Losses from walk-in thefts or shop lifting would not be covered, and glass damage must be covered under a separate glass policy. Money is also excluded from a Theft policy and should be covered under a specialised money policy.

Other types of policies to consider would cover such things as your liability to your customers or employees to recover losses resulting from an injury suffered on your premises.


Everyone likes to save money, but when it comes to insuring your most valuable assets saving a little now can cost you a great deal later if your insurance doesn't reflect the true replacement value of your home and its contents and you suffer loss or damage.

The basic principle of home and contents insurance is it lets a large group of people pool their money to cover against the possibility of loss or damage so the few people who actually suffer misfortune can draw from that pool to repair or rebuild.

Your insurance rate is set on the premise that the Insurance Company is insuring the whole building, not just the part most likely to be damaged. It follows if the sum insured is less than it should be to fully rebuild your home or to replace your belongings at today's prices, you are determined to be under-insured. You're not making a fair and sufficient contribution to the insurance pool and any recovery from the pool must therefore be in proportion to the amount contributed.
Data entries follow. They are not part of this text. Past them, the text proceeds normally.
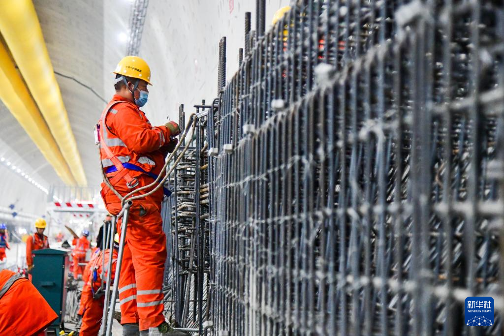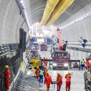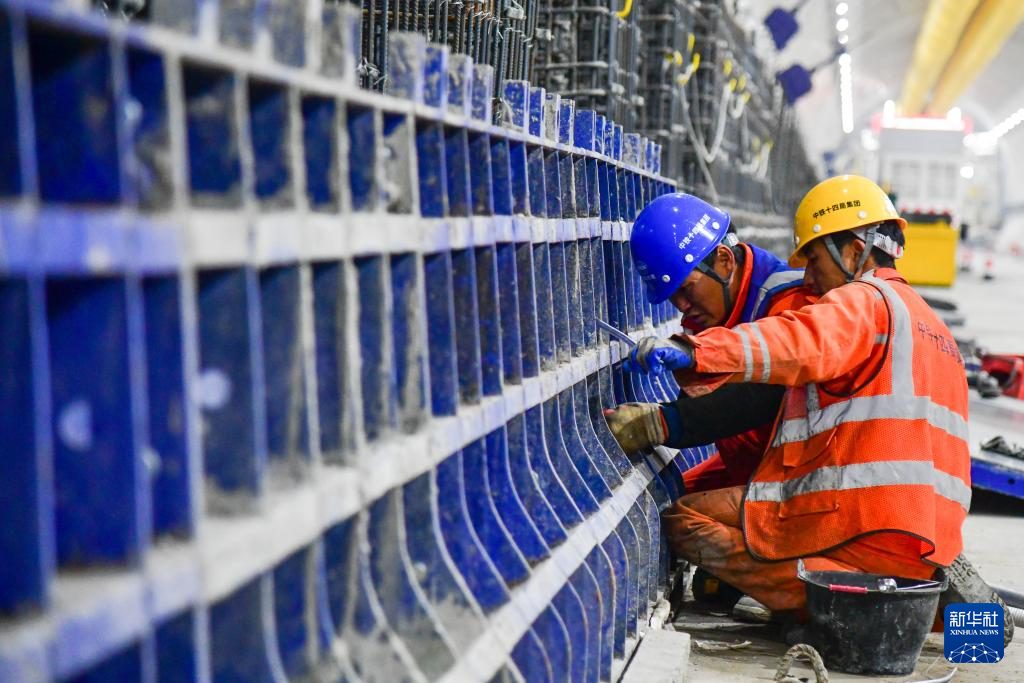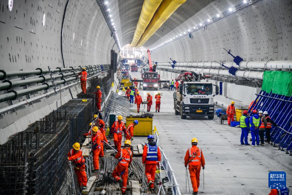 12月20日,中铁十四局建设者在黄岗路穿黄隧道内施工作业。
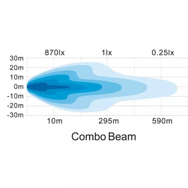 Barra de luces Led. Combinación de iluminación de 90º con los Led externos en la rampa y de 8º lejanos con los Led ubicados en el centro de la rampa.
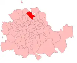 Islington East in the Metropolitan area, showing boundaries used 1885-1918
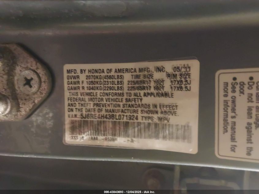 Цвет СинийЦилиндры 4Привод Полный приводVIN 5J6RE4H43BL071924Состояние Заводится и едет (проверено)Повреждения Передняя или задняя AutoRIA

Your policy includes an Average Clause which is standard for the industry. It determines the rate at which your claim may be reduced. For example, if you insure a building for $500,000 and the actual cost of replacing the building at current rates is $600,000, you are under-insured by $100,000 or 16.67% of the actual reinstatement value. Any claim you make will therefore be reduced by this percentage and you are determined to be self-insured for the difference.

Using this formula, if you suffer partial damages valued at $60,000, for example, your claim settlement will be reduced by $10,000 (16.67% of $60,000), and could be further reduced by policy deductibles. You will receive a maximum settlement of $50,000 and will be out-of-pocket for the remainder.

It's an unfortunate fact that most people who under-insure simply underestimate the true value of their home and contents or they fail to recognize the rising replacement value of their property over time and don't increase their policy accordingly.

The basic sum you insure needs to be established correctly to avoid the application of the Average Clause in the event of a loss. We recommend a professional valuation or appraisal be carried out whenever you're taking out a new policy or renewing an existing one. Your N.U.C.A. agent can help you in getting in touch with an independent appraiser.